India's Hindu-extremist RSS, the Tamil Tigers of Sri Lanka, the Lord's Resistance Army of Uganda, and Colombia's FARC (a hard-drug smuggler) are seldom mentioned by Republican politicians worrying about terrorists, though all these movements are violent and have threatened US interests.
Advocates of the "war on terror" fantasize about the Muslim world as a Soviet Union-type challenge to the US.
In fact, the countries with majority Muslim populations (Turkey, Morocco, Egypt, Jordan, Bahrain, Kuwait, Pakistan, etc.) are mostly allies of the US.
Imperial occupations benefit only the military-industrial complex and political elites pursuing American hegemony.
The anti-Muslim rhetoric is bigotry and fear-mongering.

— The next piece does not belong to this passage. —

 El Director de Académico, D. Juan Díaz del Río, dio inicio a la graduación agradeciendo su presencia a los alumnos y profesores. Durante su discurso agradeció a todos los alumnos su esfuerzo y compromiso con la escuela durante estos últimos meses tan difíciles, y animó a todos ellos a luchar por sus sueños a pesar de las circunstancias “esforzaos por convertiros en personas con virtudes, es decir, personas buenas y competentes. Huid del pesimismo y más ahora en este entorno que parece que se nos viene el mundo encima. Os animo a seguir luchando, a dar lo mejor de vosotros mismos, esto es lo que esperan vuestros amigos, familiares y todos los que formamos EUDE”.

Muslims may constitute a third of humankind by 2050 and will possess much of the world's resources... We'd be smarter to play nice.
In particular, Al Qaeda has at most a few thousand members. It holds no territory and its constituent organizations have been roundly defeated in Egypt, Algeria, and other Muslim nations. Its command and control networks have been disrupted.

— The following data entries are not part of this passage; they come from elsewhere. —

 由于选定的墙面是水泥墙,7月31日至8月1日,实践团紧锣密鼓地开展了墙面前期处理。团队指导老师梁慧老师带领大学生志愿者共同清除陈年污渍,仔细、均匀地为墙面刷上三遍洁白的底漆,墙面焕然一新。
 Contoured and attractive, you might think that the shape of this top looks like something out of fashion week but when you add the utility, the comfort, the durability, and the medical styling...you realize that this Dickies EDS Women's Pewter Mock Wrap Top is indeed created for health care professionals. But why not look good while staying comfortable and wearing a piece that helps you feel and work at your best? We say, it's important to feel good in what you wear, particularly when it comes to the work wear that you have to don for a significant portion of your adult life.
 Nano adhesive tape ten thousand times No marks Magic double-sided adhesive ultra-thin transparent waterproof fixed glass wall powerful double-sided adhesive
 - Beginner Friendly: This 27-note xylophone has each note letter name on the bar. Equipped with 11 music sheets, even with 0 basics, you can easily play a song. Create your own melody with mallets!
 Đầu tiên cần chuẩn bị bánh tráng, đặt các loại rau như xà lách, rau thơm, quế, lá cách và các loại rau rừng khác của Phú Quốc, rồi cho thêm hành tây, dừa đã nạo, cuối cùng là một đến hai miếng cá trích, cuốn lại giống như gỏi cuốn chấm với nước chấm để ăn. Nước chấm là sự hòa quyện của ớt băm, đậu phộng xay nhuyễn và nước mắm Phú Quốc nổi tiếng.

Most threats now come from amateur copycats. Al Qaeda has no prospect whatsoever of taking over any state in the Muslim world. It probably would be dead altogether if Bush had not poured gasoline on the flames with his large-scale invasions and occupations.
For John McCain to proclaim that Al Qaeda is a bigger threat to US security than was the Soviet Union which had thousands of nuclear warheads aimed at this country, is to enter Alice's Wonderland.
Few Muslims are either violent or fundamentalist; most are traditionalist, mystic, modernist or secularist. Murder rates in the Muslim world are remarkably low.
It would help if we stopped insulting Muslims by calling their religion "fascist."